Running Basic Linear Models


November 13, 2022

In R, basic linear models are run with the lm() function.

lm(y ~ x1 + x2, data = data)

R will choose which type of linear model to do depending on the type of values in x1 and x2.

In all cases, y is continuous.

No count data, no binary (binomial) data, no proprotions.

(Although technically sometimes count data is close enough to continuous and proportions can be transformed)

Quick example

library(palmerpenguins) # To access the penguins data set
m <- lm(body_mass_g ~ bill_depth_mm, data = penguins)

lm(formula = body_mass_g ~ bill_depth_mm, data = penguins)

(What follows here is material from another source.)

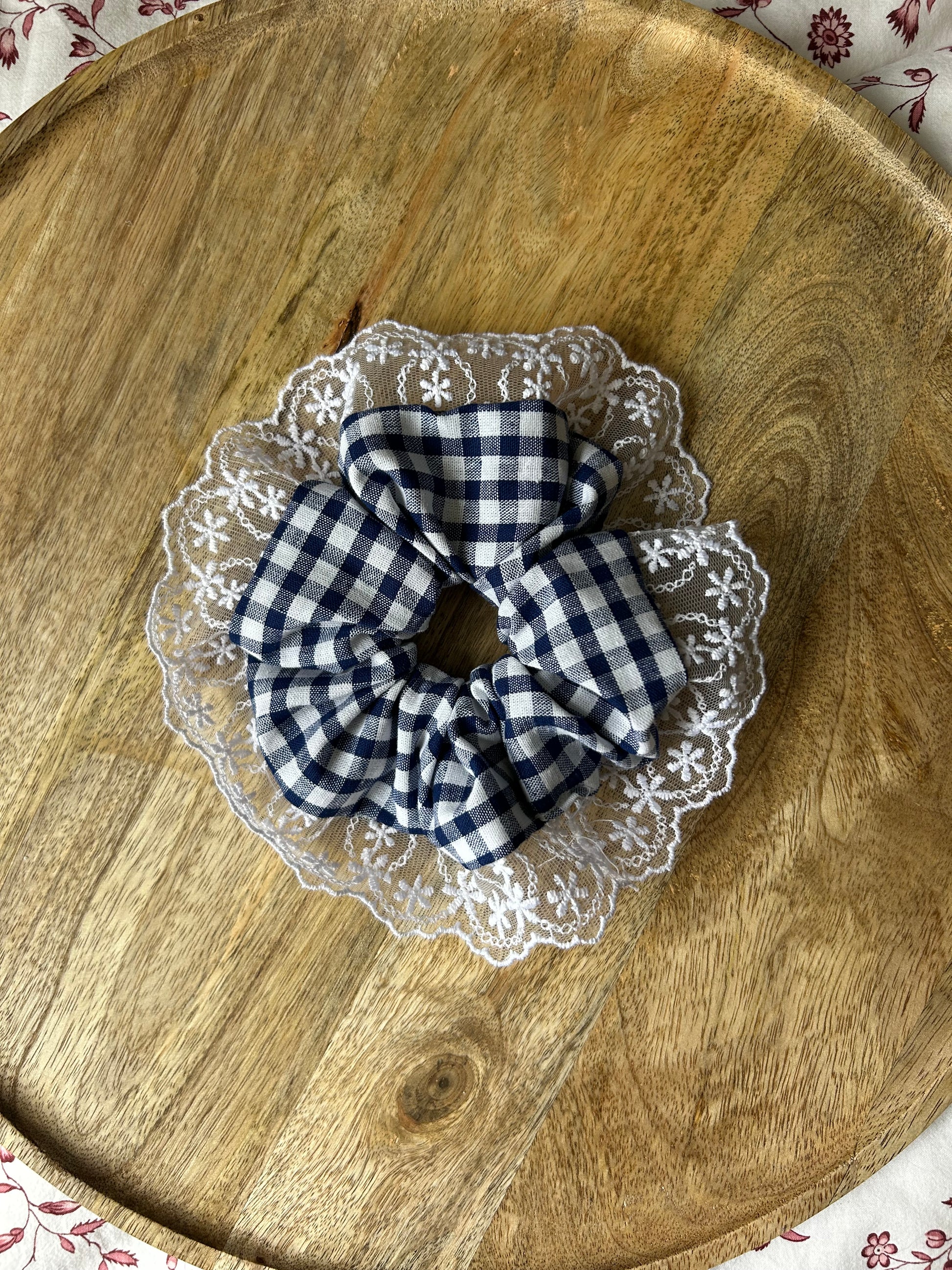 Chouchou vichy bleu dentelle - Cousu à la main, made in France🌸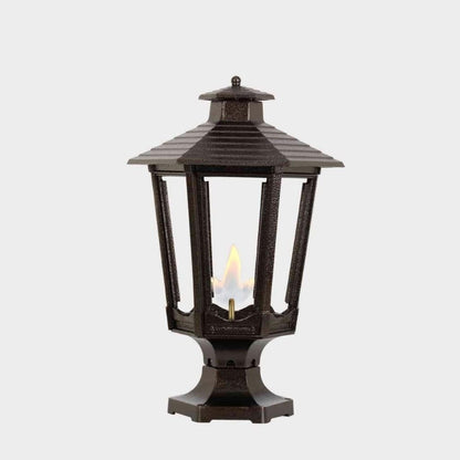 Can open flame be used with liquid propane (LP) gas?Our open flame gas lamps are only available when fueled by natural gas; they are not compatible with liquid propane. The only option for LP gas is our gas mantle burner, which is similar to what you see in a Coleman camping lantern. It uses mesh mantles to provide a solid, white light, like a light bulb. Mantle burners are intended to burn 24/7 and do not flicker like a flame. |

  (Intercept)  bill_depth_mm  
       7488.7         -191.6  

But wait! How do I interpret that?

All the details are stored in the model object m. We can use many other R functions to check our assumptions, summarize the results, or create ANOVA tables.

But first, you really should check your Diagnostics!

Side note on NA’s

By default missing values (NA’s) are dropped from the analysis and from the data contained by the model. However, even better is to use na.exclude.

m <- lm(body_mass_g ~ bill_depth_mm, data = penguins, na.action = na.exclude)

This also excludes missing values (NA’s) from the analysis, but not from the data you extract from the model (which makes it much easier to combine back with your raw data set when performing Diagnostics).